The report of the Select Committee on Prison Discipline of September 1857 recommended jail buildings replace the Port Phillip Bay prison hulks. The inquiry recommended adopting London's Pentonvillle design of 1842 to build the jails. This prison design carried on a revolution begun in 1829 by Eastern State Penitentiary in Philadelphia. The complex was based on a central hall from which radiated wings of cells.

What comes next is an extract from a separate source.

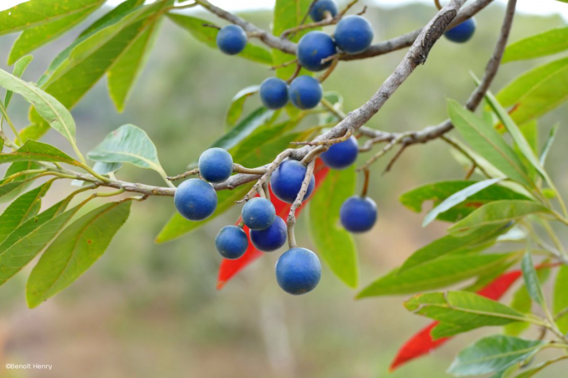 Fruits en drupes bleu vif à maturité. Mésocarpe fibreux. Noyau marqué de 4 – 5 sillons à surface verruqueuse. Particulièrement appréciés par les oiseaux (notous, colliers-blancs…), les roussettes.

The principle of the design being that one guard would stand in the centre of the hall and at one glance survey all cells.

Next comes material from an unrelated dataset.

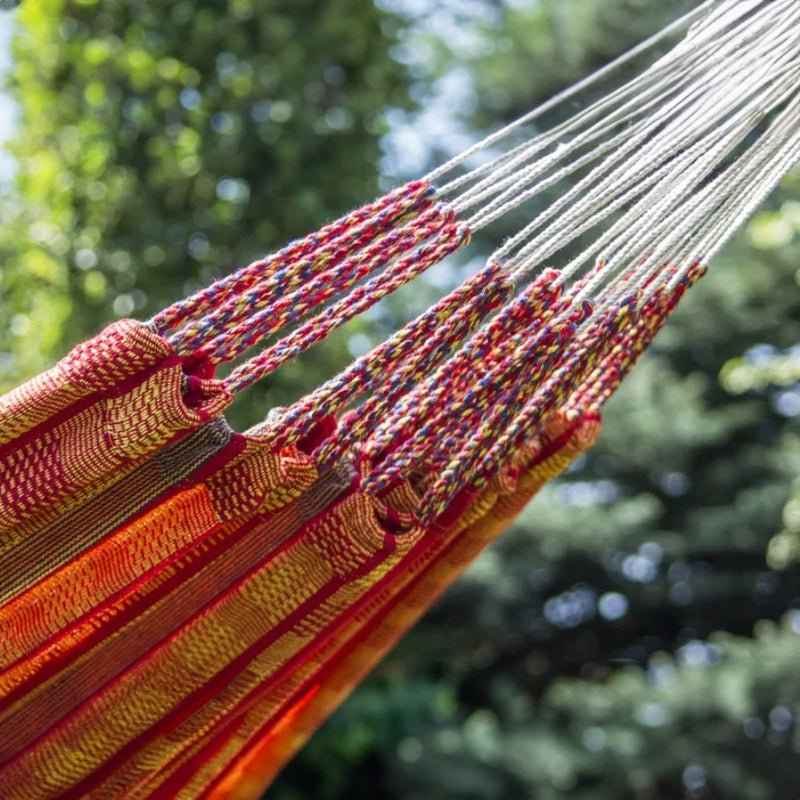 • Hamac en coton pur 320 mg/m2 : douceur et entretien facile.

The construction of the jail began in 1856 and the first cell blocks were completed by 1857. It was completed in 1862 with 58 cells designed to hold a mixture of 74 male and female prisoners. In 1862 a tunnel was constructed to join the jail to the adjacent Ballarat Courthouse, allowing for the safe transfer of prisoners.

In 1872 Captain Moonlite, a bushranger and Anglican clergyman, escaped from the jail.

The prison was closed in 1965.

==Current use==
Most of the jail was demolished to allow the School of Mines Ballarat to expand onto the site. The remaining structures at the site include the main gate, warden's residence and governor's residence. These buildings are now used by Federation University. The old warden's residence is now home to the Australian Centre for Research into Injury in Sports and its Prevention (ACRISP).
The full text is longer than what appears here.